(Data records Opens)

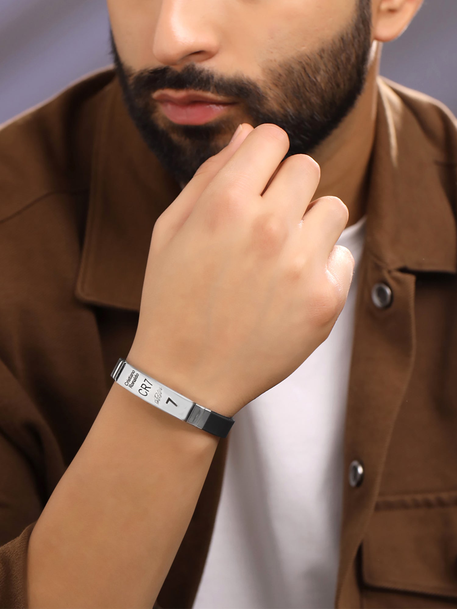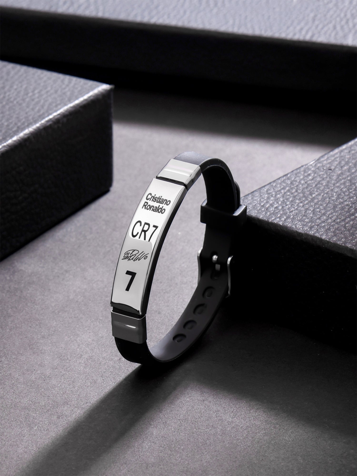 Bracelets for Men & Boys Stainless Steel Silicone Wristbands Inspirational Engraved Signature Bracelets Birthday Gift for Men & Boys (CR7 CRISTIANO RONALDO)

(Data records Closes)
(Data records Opens)

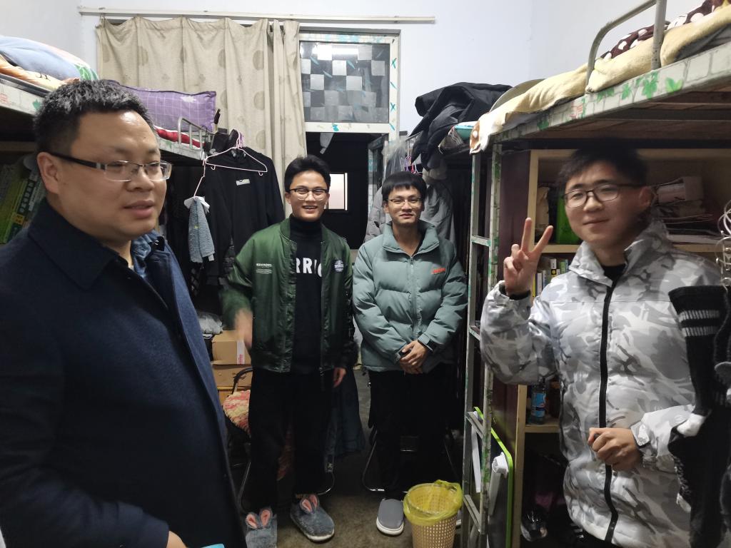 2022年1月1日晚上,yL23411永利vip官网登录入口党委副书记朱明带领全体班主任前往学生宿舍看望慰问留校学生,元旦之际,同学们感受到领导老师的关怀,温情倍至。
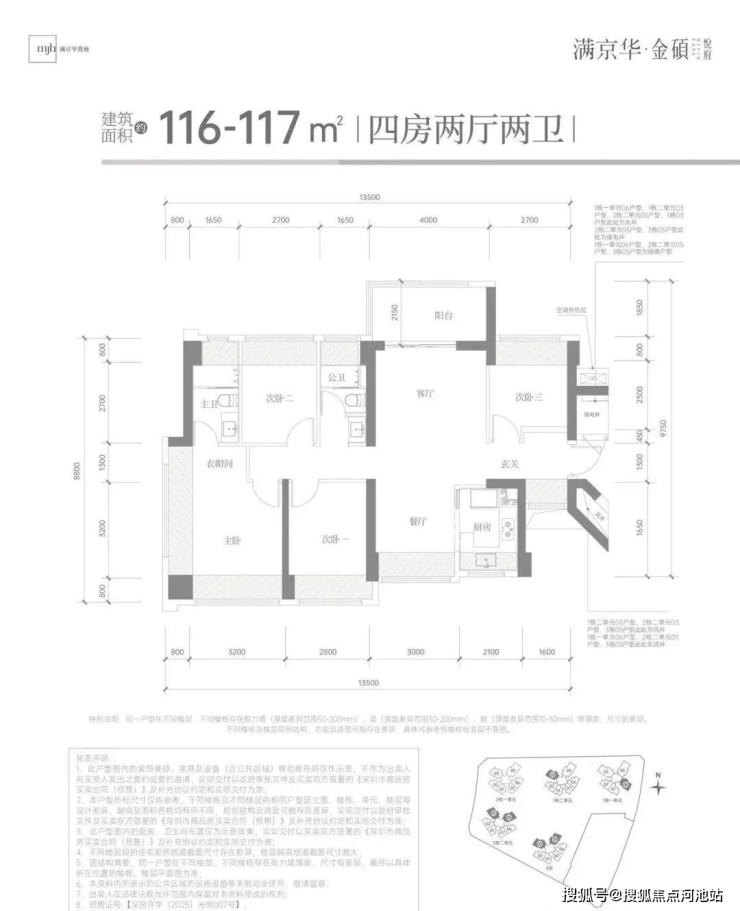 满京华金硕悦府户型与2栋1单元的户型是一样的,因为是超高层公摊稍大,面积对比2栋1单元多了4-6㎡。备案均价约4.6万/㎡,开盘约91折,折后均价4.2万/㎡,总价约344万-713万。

(Data records Closes)
(Data records Opens)

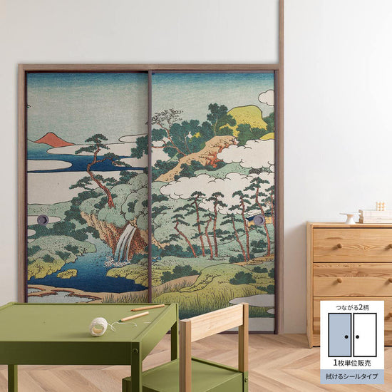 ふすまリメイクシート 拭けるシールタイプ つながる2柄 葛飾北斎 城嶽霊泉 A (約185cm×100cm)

(Data records Closes)

Above, find the line with "2022年1月1日晚上,yL"; copy it and every line down to the line with "满京华金硕悦府户型与2栋1单", exactly and both included, but no pictures.

 2022年1月1日晚上,yL23411永利vip官网登录入口党委副书记朱明带领全体班主任前往学生宿舍看望慰问留校学生,元旦之际,同学们感受到领导老师的关怀,温情倍至。
 满京华金硕悦府户型与2栋1单元的户型是一样的,因为是超高层公摊稍大,面积对比2栋1单元多了4-6㎡。备案均价约4.6万/㎡,开盘约91折,折后均价4.2万/㎡,总价约344万-713万。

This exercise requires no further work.